A Classified Portal Request

On Dec. 18, Meta Platforms convened an unscheduled all-hands meeting for its Trust and Safety division to discuss a surge of government takedown requests tied to border coverage, according to two employees at the company who attended the call. The meeting followed a Dec. 14 directive delivered through Meta's Government Reporting Interface, a portal used by law enforcement and intelligence agencies, in which the Department of Homeland Security's Office of Public Affairs asked the company to reduce distribution of posts using keywords related to migrant surges near Eagle Pass, Texas, and the Del Rio processing facility, the employees said.

The request came with a reference to "Sensitive Events Playbook v4.2," an internal document updated in November that governs how Meta responds to federal agencies during declared emergencies, the employees said.
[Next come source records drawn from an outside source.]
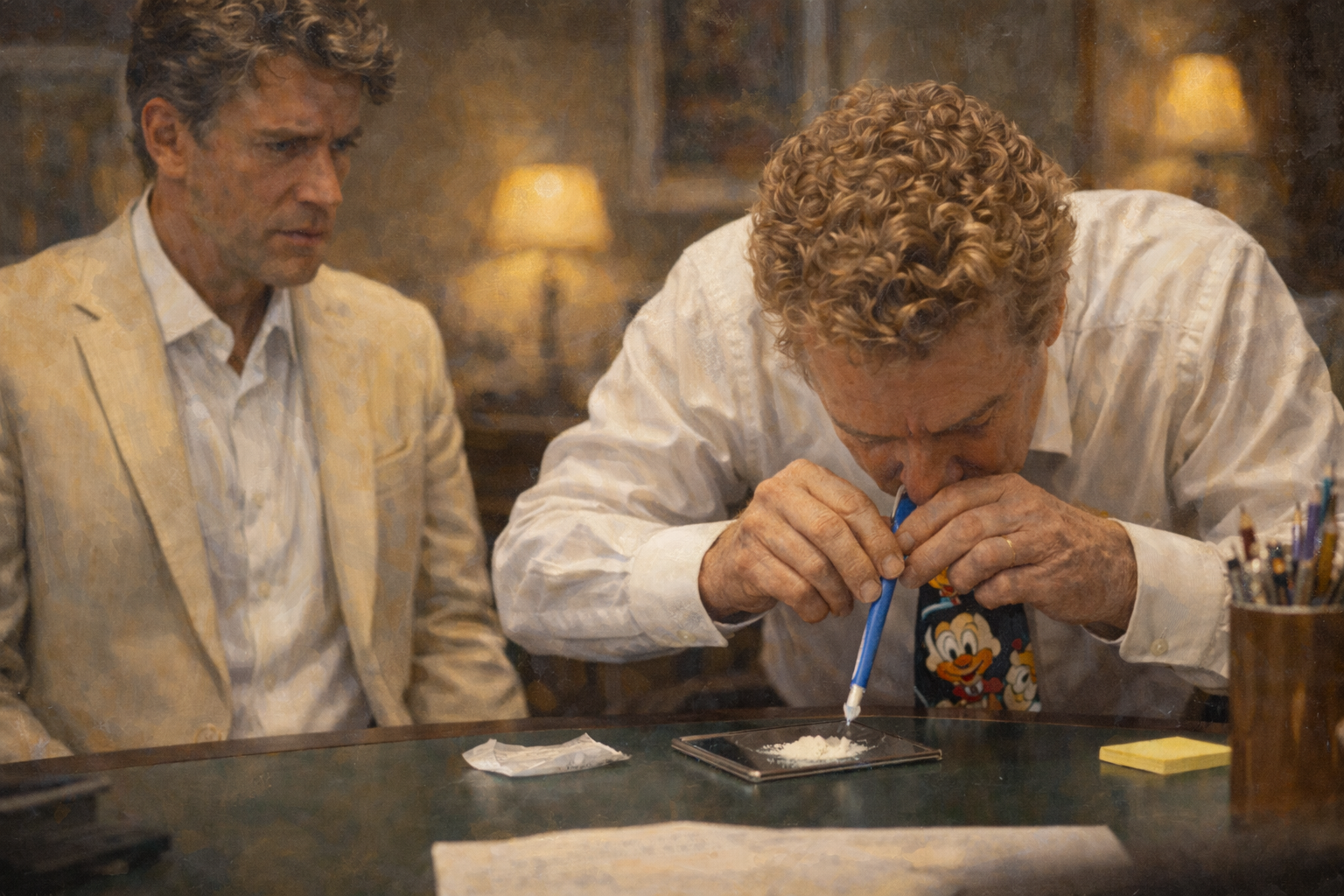 O Chefão era aloprado. Certa vez, entrou apressado na sala de Braga pediu um espelho de bolso e uma esferográfica comum. Atendido, abriu um pacotinho minúsculo e despejou o pó branco que havia nele sobre o espelho. Com mãos trêmulas, retirou a carga da caneta. Por fim, debruçando-se sobre a mesa, aspirou o pó.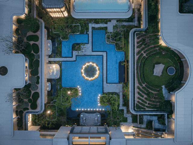 保利是将高级商业空间灰度空间的营造方式,从外到内,铺设到了一个住宅社区方方面面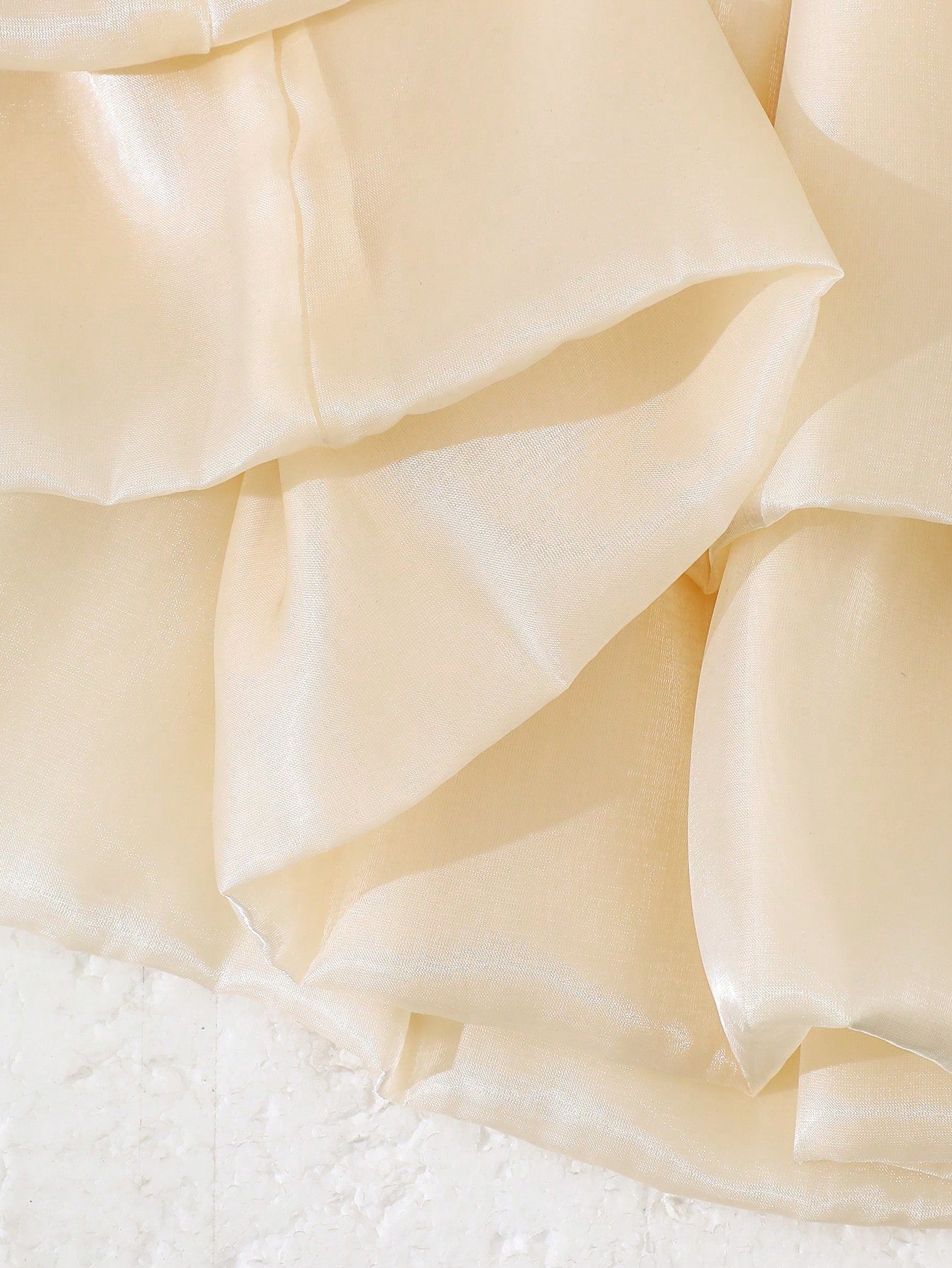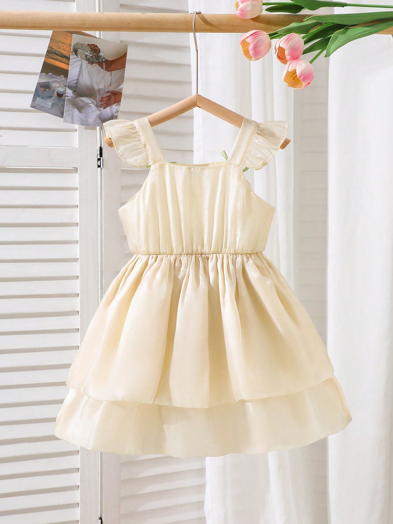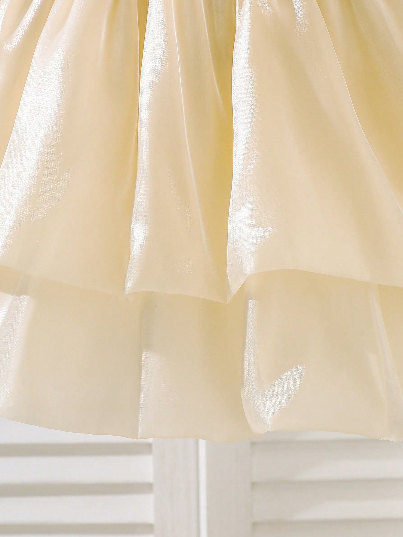 kids SHEIN Young Girl Pink Tulip 3D Floral Decor Ruffle Hem Dress

Between Dec. 14 and Dec. 23, the platform suppressed roughly 12,000 posts and 4,200 videos that mentioned the keywords, affecting accounts ranging from local television stations to immigration advocacy groups, according to a former content moderator who reviewed the enforcement logs.

How the Demotion Worked

The former content moderator said affected posts were tagged with an internal label, "border_demotion_2025," which triggered a reduction in distribution rather than a removal. The tag caused the posts to appear less frequently in user feeds, search results, and recommendation surfaces, reducing average reach by roughly 73 percent across the affected accounts, the former moderator said. The enforcement logs listed 890 distinct accounts that received the tag at least once during the nine-day window.

The keyword list supplied by DHS included phrases such as "Eagle Pass overflow," "Del Rio facility," "migrant caravan," "CBP overwhelmed," and "gotaways," the two employees said. Posts that paired any of those terms with video footage from the border were flagged at a higher rate than text-only posts, according to the former moderator. The logs showed that local news outlets in San Antonio, Laredo, and El Paso accounted for roughly 18 percent of the suppressed content, while individual users and conservative commentators accounted for the remainder.

Internal Resistance and Legal Exposure

Some Meta employees pushed back during the Dec. 18 call, arguing that the request amounted to viewpoint-based suppression, the two employees said. Managers responded that the company was acting under a standing memorandum of understanding with DHS signed after the 2024 election, according to one of the employees. The former content moderator said the enforcement logs showed that affected posts included raw footage of border crossings and interviews with ranchers, but no explicit calls to violence or illegal activity.

A lawyer involved in a pending First Amendment lawsuit against DHS said the documents are expected to be filed in federal court in the Western District of Texas by Dec. 29 as part of a preliminary injunction request. The case, filed by conservative media outlets including The Daily Wire and The Federalist, alleges that the federal government coerced social media platforms to suppress reporting on immigration enforcement. The lawyer said Meta has not yet produced the Dec. 14 request in discovery, but congressional investigators obtained copies through a subpoena issued by the House Judiciary Committee on Dec. 9.

White House Coordination

The Dec. 14 request was drafted by DHS's social media monitoring unit after a series of exchanges with the White House Communications Office between Dec. 10 and Dec. 13, according to the congressional investigator. The unit, housed inside DHS headquarters in Washington, expanded from four employees to twelve full-time staff in October, sources said. One of the Meta employees said a follow-up message sent through the portal on Dec. 16 asked Meta to apply the same keyword restrictions to Instagram Reels and to Facebook Groups with more than 10,000 members.

The same DHS unit also sent parallel guidance to Alphabet and X, the investigator said, though the scope of those companies' responses remains unclear. The investigator said the committee has received partial document production from X and is expecting a first tranche from Alphabet by Jan. 3. The White House did not respond to questions about the communications on Dec. 26.

What Comes Next

A congressional investigator familiar with the committee's review said staff expect to release a report during the first week of January summarizing the coordination between DHS and at least three major platforms. The investigator said the committee has also subpoenaed records from Alphabet and X but has not yet received complete responses. House aides are weighing a contempt referral against a senior DHS official who declined to appear for a transcribed interview scheduled for Dec. 20, the investigator said.

Sources said the expanded monitoring unit, which began with four employees in January and grew to twelve in October, drafted the Dec. 14 request after consultations with the White House Communications Office. A DHS spokesperson did not respond to repeated requests for comment on Dec. 26. Meta declined to comment. The lawsuit is set for a hearing on Jan. 7 before a federal judge in the Western District of Texas. The lawyer involved in the case said the plaintiffs will ask the court to bar DHS from making similar distribution reduction requests while the litigation proceeds.